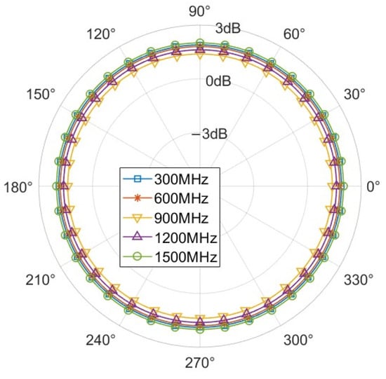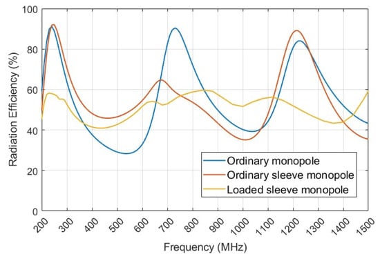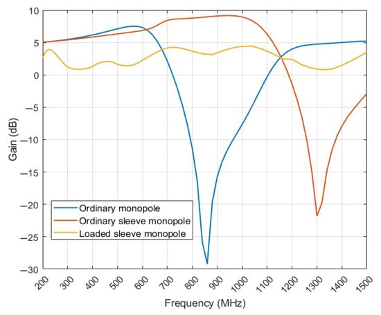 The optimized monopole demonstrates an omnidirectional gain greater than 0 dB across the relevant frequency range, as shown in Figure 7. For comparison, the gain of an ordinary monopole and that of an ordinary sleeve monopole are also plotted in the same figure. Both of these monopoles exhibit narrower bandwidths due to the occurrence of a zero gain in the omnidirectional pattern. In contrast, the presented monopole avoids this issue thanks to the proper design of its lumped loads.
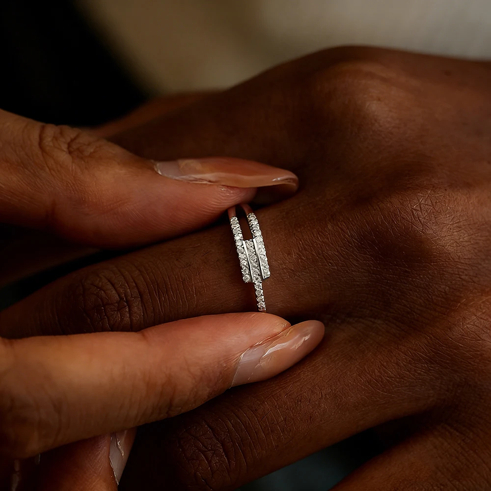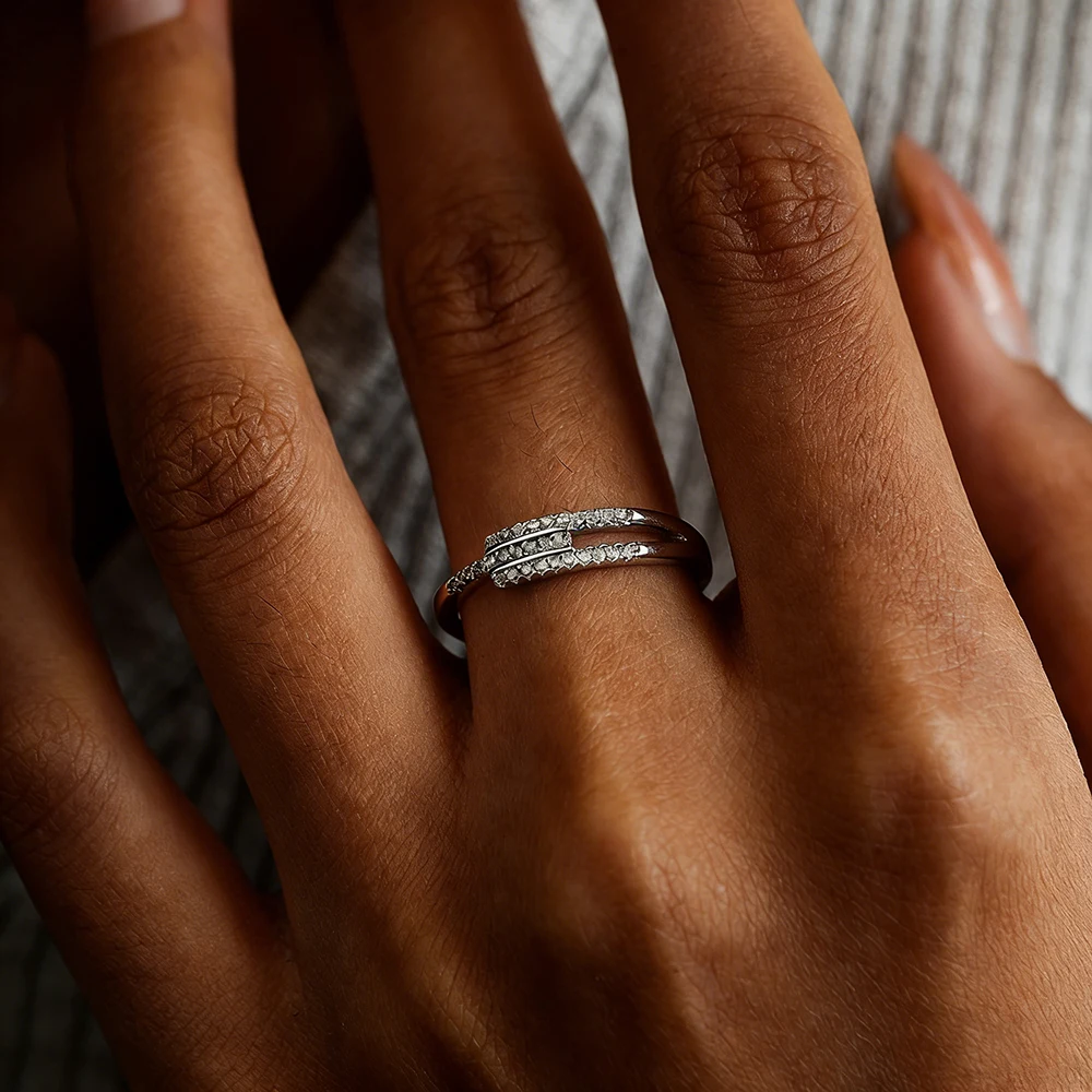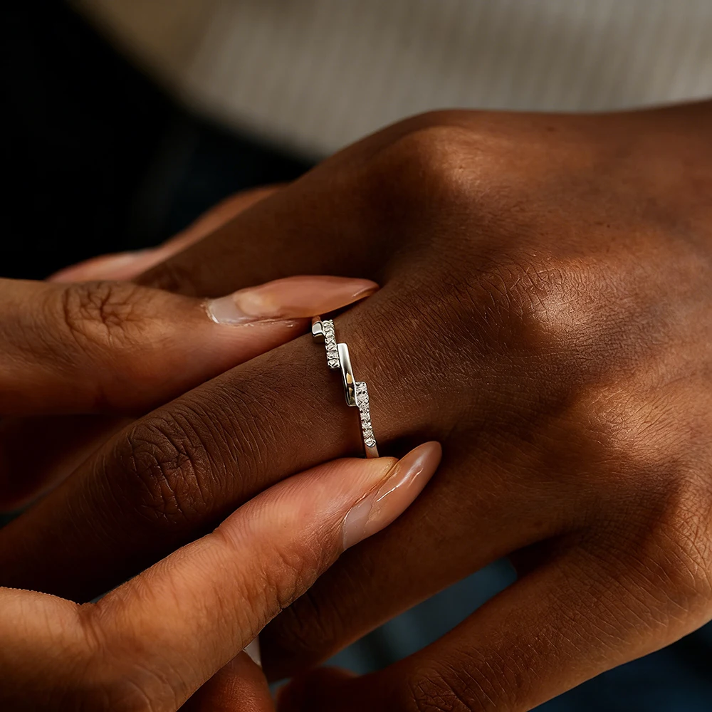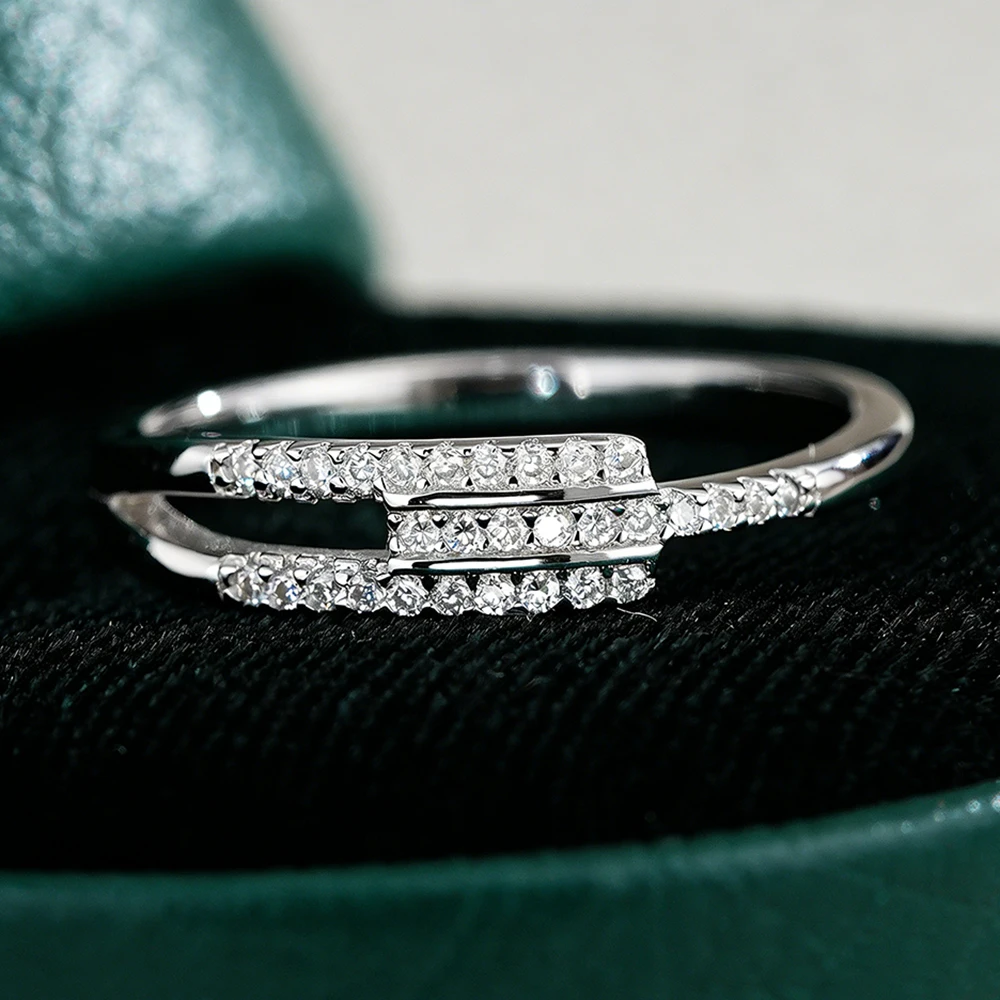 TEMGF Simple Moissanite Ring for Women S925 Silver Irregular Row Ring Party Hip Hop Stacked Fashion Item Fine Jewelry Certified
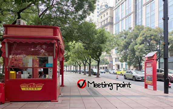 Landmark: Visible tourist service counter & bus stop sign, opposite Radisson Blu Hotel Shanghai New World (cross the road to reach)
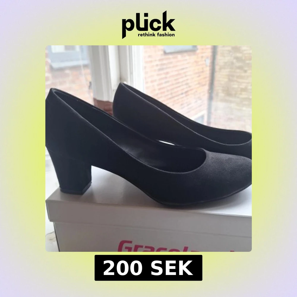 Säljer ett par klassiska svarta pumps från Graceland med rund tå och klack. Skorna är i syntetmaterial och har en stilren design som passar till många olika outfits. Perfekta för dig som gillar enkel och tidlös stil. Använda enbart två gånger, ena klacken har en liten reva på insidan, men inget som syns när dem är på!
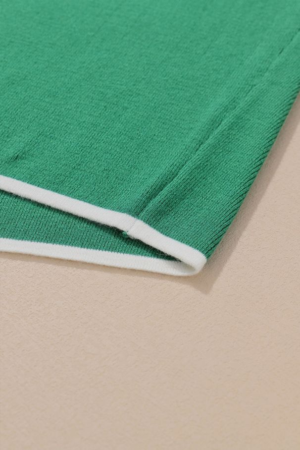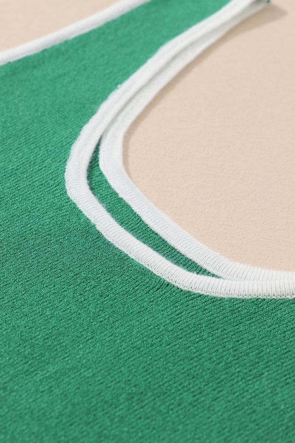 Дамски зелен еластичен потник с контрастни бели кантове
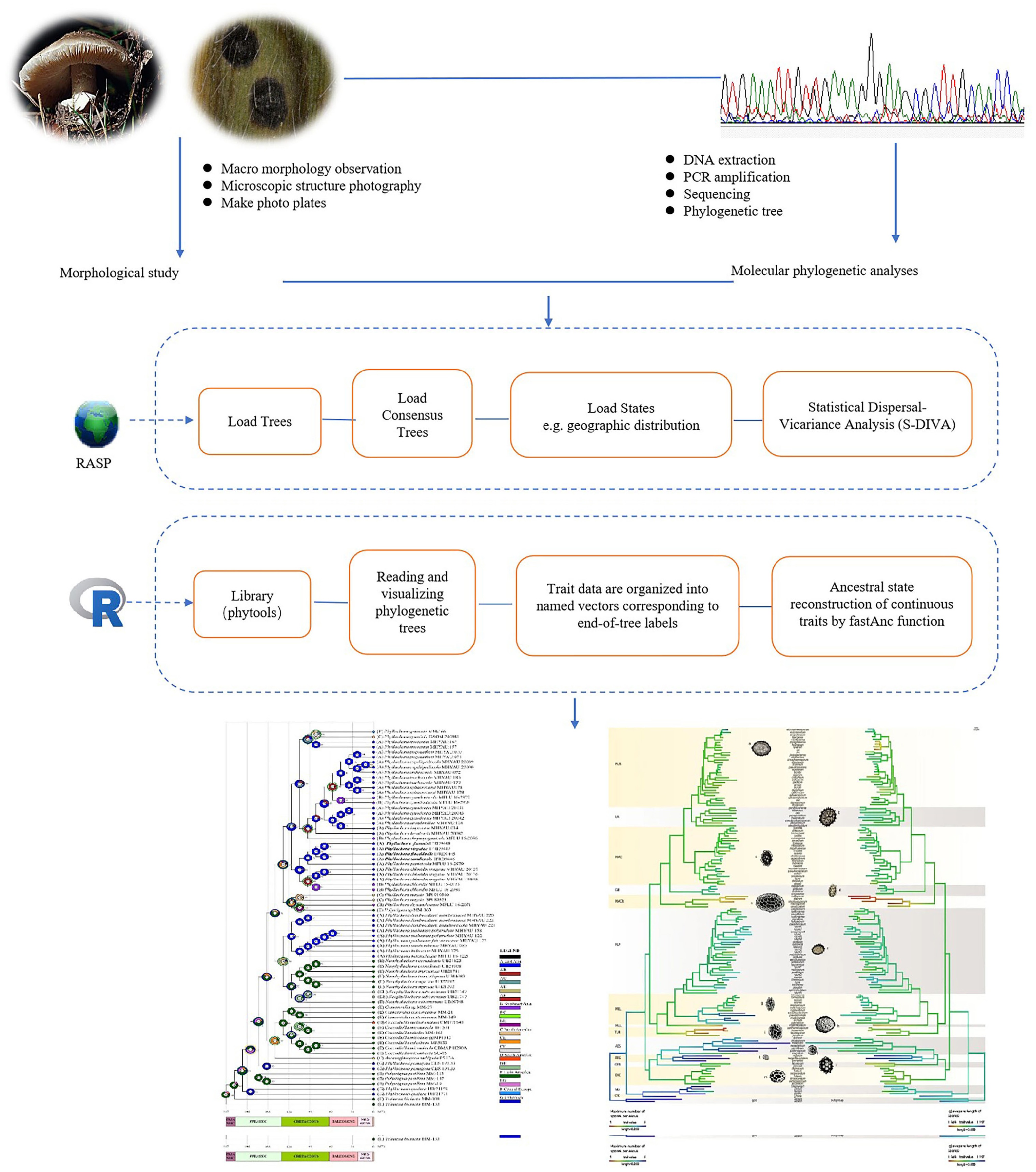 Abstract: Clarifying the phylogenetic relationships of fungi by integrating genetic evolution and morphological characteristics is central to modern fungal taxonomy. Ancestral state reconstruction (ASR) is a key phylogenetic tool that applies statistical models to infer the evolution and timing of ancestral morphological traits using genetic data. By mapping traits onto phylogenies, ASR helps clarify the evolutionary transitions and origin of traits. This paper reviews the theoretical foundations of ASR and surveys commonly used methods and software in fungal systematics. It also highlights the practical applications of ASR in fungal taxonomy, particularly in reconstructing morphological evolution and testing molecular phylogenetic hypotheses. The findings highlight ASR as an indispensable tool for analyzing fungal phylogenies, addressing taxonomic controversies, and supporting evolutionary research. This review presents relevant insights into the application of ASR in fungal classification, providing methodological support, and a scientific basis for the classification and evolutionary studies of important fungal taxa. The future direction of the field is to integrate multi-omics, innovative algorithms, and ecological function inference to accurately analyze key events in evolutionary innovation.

## WORK TO COMPLETE:
What is needed is a verbatim transcription of the records, minus the pictures.

## WRITTEN ANSWER:
 The optimized monopole demonstrates an omnidirectional gain greater than 0 dB across the relevant frequency range, as shown in Figure 7. For comparison, the gain of an ordinary monopole and that of an ordinary sleeve monopole are also plotted in the same figure. Both of these monopoles exhibit narrower bandwidths due to the occurrence of a zero gain in the omnidirectional pattern. In contrast, the presented monopole avoids this issue thanks to the proper design of its lumped loads.
 TEMGF Simple Moissanite Ring for Women S925 Silver Irregular Row Ring Party Hip Hop Stacked Fashion Item Fine Jewelry Certified
 Landmark: Visible tourist service counter & bus stop sign, opposite Radisson Blu Hotel Shanghai New World (cross the road to reach)
 Säljer ett par klassiska svarta pumps från Graceland med rund tå och klack. Skorna är i syntetmaterial och har en stilren design som passar till många olika outfits. Perfekta för dig som gillar enkel och tidlös stil. Använda enbart två gånger, ena klacken har en liten reva på insidan, men inget som syns när dem är på!
 Дамски зелен еластичен потник с контрастни бели кантове
 Abstract: Clarifying the phylogenetic relationships of fungi by integrating genetic evolution and morphological characteristics is central to modern fungal taxonomy. Ancestral state reconstruction (ASR) is a key phylogenetic tool that applies statistical models to infer the evolution and timing of ancestral morphological traits using genetic data. By mapping traits onto phylogenies, ASR helps clarify the evolutionary transitions and origin of traits. This paper reviews the theoretical foundations of ASR and surveys commonly used methods and software in fungal systematics. It also highlights the practical applications of ASR in fungal taxonomy, particularly in reconstructing morphological evolution and testing molecular phylogenetic hypotheses. The findings highlight ASR as an indispensable tool for analyzing fungal phylogenies, addressing taxonomic controversies, and supporting evolutionary research. This review presents relevant insights into the application of ASR in fungal classification, providing methodological support, and a scientific basis for the classification and evolutionary studies of important fungal taxa. The future direction of the field is to integrate multi-omics, innovative algorithms, and ecological function inference to accurately analyze key events in evolutionary innovation.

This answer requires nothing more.